Work item »
Write out, please, the lines from the beginning of the material to the line with "The bear has", including both ends and nothing else.

───── Supplied records

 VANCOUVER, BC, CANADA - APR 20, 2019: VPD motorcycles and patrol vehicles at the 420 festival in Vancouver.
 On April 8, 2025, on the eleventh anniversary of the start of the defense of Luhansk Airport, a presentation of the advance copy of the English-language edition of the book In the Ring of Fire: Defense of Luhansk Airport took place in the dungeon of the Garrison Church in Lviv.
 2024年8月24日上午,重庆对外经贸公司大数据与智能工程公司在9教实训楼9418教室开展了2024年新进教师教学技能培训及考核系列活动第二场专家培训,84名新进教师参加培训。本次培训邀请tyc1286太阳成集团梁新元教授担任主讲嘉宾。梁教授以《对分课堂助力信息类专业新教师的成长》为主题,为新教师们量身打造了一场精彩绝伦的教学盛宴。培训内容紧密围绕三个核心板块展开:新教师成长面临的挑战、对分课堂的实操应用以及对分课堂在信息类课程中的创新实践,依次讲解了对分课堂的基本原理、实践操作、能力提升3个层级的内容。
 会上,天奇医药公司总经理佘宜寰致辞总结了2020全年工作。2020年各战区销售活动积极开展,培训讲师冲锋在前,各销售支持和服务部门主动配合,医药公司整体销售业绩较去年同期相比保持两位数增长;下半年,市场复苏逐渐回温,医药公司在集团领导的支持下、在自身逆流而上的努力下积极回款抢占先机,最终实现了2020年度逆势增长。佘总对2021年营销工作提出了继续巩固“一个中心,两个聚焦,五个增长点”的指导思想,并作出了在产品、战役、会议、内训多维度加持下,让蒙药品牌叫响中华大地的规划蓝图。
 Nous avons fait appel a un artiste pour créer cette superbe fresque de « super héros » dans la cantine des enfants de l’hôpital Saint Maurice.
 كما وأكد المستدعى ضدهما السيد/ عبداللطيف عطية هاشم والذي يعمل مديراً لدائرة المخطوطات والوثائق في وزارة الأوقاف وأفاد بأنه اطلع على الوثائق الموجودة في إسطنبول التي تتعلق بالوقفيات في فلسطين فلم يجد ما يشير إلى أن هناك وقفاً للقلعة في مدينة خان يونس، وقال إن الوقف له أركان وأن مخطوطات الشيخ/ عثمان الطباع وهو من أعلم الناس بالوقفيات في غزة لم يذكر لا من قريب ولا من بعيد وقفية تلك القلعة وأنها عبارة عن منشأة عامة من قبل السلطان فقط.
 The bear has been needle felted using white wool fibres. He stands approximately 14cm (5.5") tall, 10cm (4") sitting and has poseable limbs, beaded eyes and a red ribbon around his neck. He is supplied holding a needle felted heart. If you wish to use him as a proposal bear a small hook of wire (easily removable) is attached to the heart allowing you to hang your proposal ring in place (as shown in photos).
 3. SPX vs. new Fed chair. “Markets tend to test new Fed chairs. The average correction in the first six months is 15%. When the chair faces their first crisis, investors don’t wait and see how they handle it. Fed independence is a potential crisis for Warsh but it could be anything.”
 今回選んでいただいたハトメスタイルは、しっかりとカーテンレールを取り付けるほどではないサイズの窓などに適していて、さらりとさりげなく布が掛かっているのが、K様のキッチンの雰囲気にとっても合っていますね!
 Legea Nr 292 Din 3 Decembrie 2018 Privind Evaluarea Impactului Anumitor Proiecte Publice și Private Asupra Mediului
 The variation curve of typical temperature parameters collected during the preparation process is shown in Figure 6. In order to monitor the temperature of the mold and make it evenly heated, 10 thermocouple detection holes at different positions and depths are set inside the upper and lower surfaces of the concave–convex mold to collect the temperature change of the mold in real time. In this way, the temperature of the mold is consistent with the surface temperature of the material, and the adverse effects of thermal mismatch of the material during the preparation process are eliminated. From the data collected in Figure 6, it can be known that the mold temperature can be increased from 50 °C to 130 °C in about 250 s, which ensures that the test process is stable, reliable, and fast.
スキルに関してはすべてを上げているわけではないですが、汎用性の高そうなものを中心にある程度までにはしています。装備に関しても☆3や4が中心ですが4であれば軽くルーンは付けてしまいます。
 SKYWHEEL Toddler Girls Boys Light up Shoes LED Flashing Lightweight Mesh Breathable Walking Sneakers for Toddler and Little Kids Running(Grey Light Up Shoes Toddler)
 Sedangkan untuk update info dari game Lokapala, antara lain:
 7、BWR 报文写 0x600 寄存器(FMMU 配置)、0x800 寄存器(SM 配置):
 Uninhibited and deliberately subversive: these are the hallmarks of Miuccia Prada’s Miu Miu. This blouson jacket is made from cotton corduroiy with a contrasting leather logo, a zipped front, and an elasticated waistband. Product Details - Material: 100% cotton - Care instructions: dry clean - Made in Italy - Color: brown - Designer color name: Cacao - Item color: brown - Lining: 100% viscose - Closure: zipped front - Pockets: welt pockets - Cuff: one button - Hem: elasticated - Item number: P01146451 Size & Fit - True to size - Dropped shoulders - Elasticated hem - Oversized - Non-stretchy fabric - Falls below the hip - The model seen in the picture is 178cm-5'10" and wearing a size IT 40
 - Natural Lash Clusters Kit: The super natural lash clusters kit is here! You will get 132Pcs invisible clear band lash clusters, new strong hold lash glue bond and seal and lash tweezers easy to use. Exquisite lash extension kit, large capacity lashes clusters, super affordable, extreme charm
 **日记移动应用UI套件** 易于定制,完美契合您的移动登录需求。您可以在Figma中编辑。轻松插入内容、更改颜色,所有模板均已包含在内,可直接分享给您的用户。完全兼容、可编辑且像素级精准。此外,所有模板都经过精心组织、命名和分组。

──────────

Result of the task »
 VANCOUVER, BC, CANADA - APR 20, 2019: VPD motorcycles and patrol vehicles at the 420 festival in Vancouver.
 On April 8, 2025, on the eleventh anniversary of the start of the defense of Luhansk Airport, a presentation of the advance copy of the English-language edition of the book In the Ring of Fire: Defense of Luhansk Airport took place in the dungeon of the Garrison Church in Lviv.
 2024年8月24日上午,重庆对外经贸公司大数据与智能工程公司在9教实训楼9418教室开展了2024年新进教师教学技能培训及考核系列活动第二场专家培训,84名新进教师参加培训。本次培训邀请tyc1286太阳成集团梁新元教授担任主讲嘉宾。梁教授以《对分课堂助力信息类专业新教师的成长》为主题,为新教师们量身打造了一场精彩绝伦的教学盛宴。培训内容紧密围绕三个核心板块展开:新教师成长面临的挑战、对分课堂的实操应用以及对分课堂在信息类课程中的创新实践,依次讲解了对分课堂的基本原理、实践操作、能力提升3个层级的内容。
 会上,天奇医药公司总经理佘宜寰致辞总结了2020全年工作。2020年各战区销售活动积极开展,培训讲师冲锋在前,各销售支持和服务部门主动配合,医药公司整体销售业绩较去年同期相比保持两位数增长;下半年,市场复苏逐渐回温,医药公司在集团领导的支持下、在自身逆流而上的努力下积极回款抢占先机,最终实现了2020年度逆势增长。佘总对2021年营销工作提出了继续巩固“一个中心,两个聚焦,五个增长点”的指导思想,并作出了在产品、战役、会议、内训多维度加持下,让蒙药品牌叫响中华大地的规划蓝图。
 Nous avons fait appel a un artiste pour créer cette superbe fresque de « super héros » dans la cantine des enfants de l’hôpital Saint Maurice.
 كما وأكد المستدعى ضدهما السيد/ عبداللطيف عطية هاشم والذي يعمل مديراً لدائرة المخطوطات والوثائق في وزارة الأوقاف وأفاد بأنه اطلع على الوثائق الموجودة في إسطنبول التي تتعلق بالوقفيات في فلسطين فلم يجد ما يشير إلى أن هناك وقفاً للقلعة في مدينة خان يونس، وقال إن الوقف له أركان وأن مخطوطات الشيخ/ عثمان الطباع وهو من أعلم الناس بالوقفيات في غزة لم يذكر لا من قريب ولا من بعيد وقفية تلك القلعة وأنها عبارة عن منشأة عامة من قبل السلطان فقط.
 The bear has been needle felted using white wool fibres. He stands approximately 14cm (5.5") tall, 10cm (4") sitting and has poseable limbs, beaded eyes and a red ribbon around his neck. He is supplied holding a needle felted heart. If you wish to use him as a proposal bear a small hook of wire (easily removable) is attached to the heart allowing you to hang your proposal ring in place (as shown in photos).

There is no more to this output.